22/03/2015 – La Seine-et-Marne, ça vous gagne!

84,4 km – 3:20:33 – 25,2 km/H moyenne – 859m D+

Binôme jusqu'au bout

Binôme jusqu’au bout

Après un week-end off, la semaine dernière pour ma part (François ayant roulé seul sur le parcours du Toboggan 95), il était temps de s’y remettre.

L’objectif des 150km se rapprochant à grand pas, car initialement prévu pour samedi 28 mars, nous avons décidé de rouler court mais en essayant de gérer au mieux notre course.

Bon on avait d’autres raisons également: François roulait avec sa nouvelle selle et je testais la nouvelle boisson ISO+ de chez Décathlon (qui fera le sujet d’un article court prochainement).

Et puis nous avions tout deux des repas de famille à 13h ce qui nous imposait de ne pas rentrer trop tard.

Rendez-vous fixé à 08h30 devant chez mon binôme pour un départ dans la foulée. Après être aller voter, en vélo et en tenue, je rejoins notre point de départ. La température est fraîche pour ne pas dire froide et le ciel est très couvert. Du gris, du gris, du gris… Le vent est là aussi… Tout pour être heureux.

Le ciel est un poil chargé

Le ciel est un poil chargé

Comme le parcours de 150km que nous projetons de faire le week-end prochain serpentera dans le Vexin, nous avons décidé (ou plutôt, j’ai décidé!!) de partir de l’autre côté vers la Seine-et-Marne. Pour changer un peu.
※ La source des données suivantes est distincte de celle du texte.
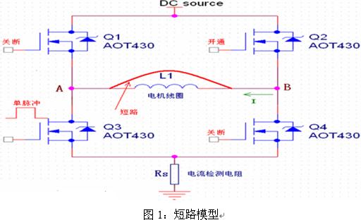 短路模型如圖1所示,其中僅畫出了功率輸出級(jí)的A、B兩相(共三相)。Q1和Q3為A相MOSFET,Q2和Q4為B相MOSFET,所有功率MOSFET均為AOT430。L1為電機(jī)線圈,Rs為電流檢測(cè)電阻。

Nous rejoignons donc la D909 à Montlignon pour gravir la montée du Château de la Chasse, très prisée le dimanche matin par les cyclos. Sur le 34 dents, la moulinette se met en marche pour s’échauffer dans les règles. Pour faire écho à une discussion avec Baptiste, nous avons décidé de ne jamais regarder la vitesse moyenne, pour ne pas influencer notre rythme.

Ah non! Pas par là...

Ah non! Pas par là…

La montée se passe donc tranquillement. Une fois redescendu de la forêt, la route nous mène à Moisselles puis Attainville pour nous faire passer dans la fameuse « Plaine de France » et ses portions de dalles de ciment. N’étant plus abrités, nous sentons le vent de face et de 3/4 face qui souffle aux alentours de 40km/h. C’est assez fatiguant et nous déroulons les jambes toujours en tournant un maximum pour éviter de forcer et donc de nous cramer. La ballade face au vent dure un moment (d’Attainville jusqu’à Mareil-en-France).
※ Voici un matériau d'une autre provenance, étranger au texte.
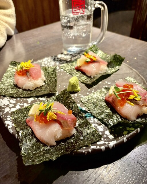 【《名物》】『旬魚の贅沢手巻き寿司』 一口ごとに広がる旬魚の旨みと香りを楽しめる、贅沢な名物手巻き寿司。 この日は、わらさ・ぶり・いくらをたっぷり包み、仕上げに添えられたレモンが爽やかに香ります いくらの程よい塩気と、ぶり・わらさの濃厚な旨みが重なり、最後にレモンの酸味が後味をきれいに締めてくれる上品な味わいでした。

Qui avait dit que ce serait facile aujourd’hui? Certainement pas moi… Car oui, 84km c’est court mais ça peut-être épuisant.

Pause technique

Pause technique

La D9 nous fait arriver jusqu’à Chateney-en-France avec sa montée que l’on négocie en douceur, sans forcer… Aujourd’hui les dérailleurs vont avoir du boulot car avec les côtes et le vent, va falloir choisir le bon développement!

Descente sur Puiseux-en-France et direction Vemars, le vent se fait toujours sentir mais on rigole et on commence à discuter de la sortie de la semaine prochaine. Le revêtement est bon et c’est déjà ça de gagné.

Quelques kilomètres après Vemars, nous basculons en Seine-et-Marne sur la D26 en direction de Moussy-le-Neuf. Le village est sympathique mais ses routes le sont beaucoup moins car un grand nombre de passages pavés vient ralentir notre progression.

Quel LOOK!!

Quel LOOK!!

Nous quitterons la D26E juste en entrant dans Beaumarchais sur notre gauche afin de rejoindre Plailly. A ce moment précis, comme nous avons tourné, le vent devient favorable. Nous pédalons avec aisance mais nous restons concentrés car, ici, le vent peut changer rapidement et nous mettre dans une situation délicate.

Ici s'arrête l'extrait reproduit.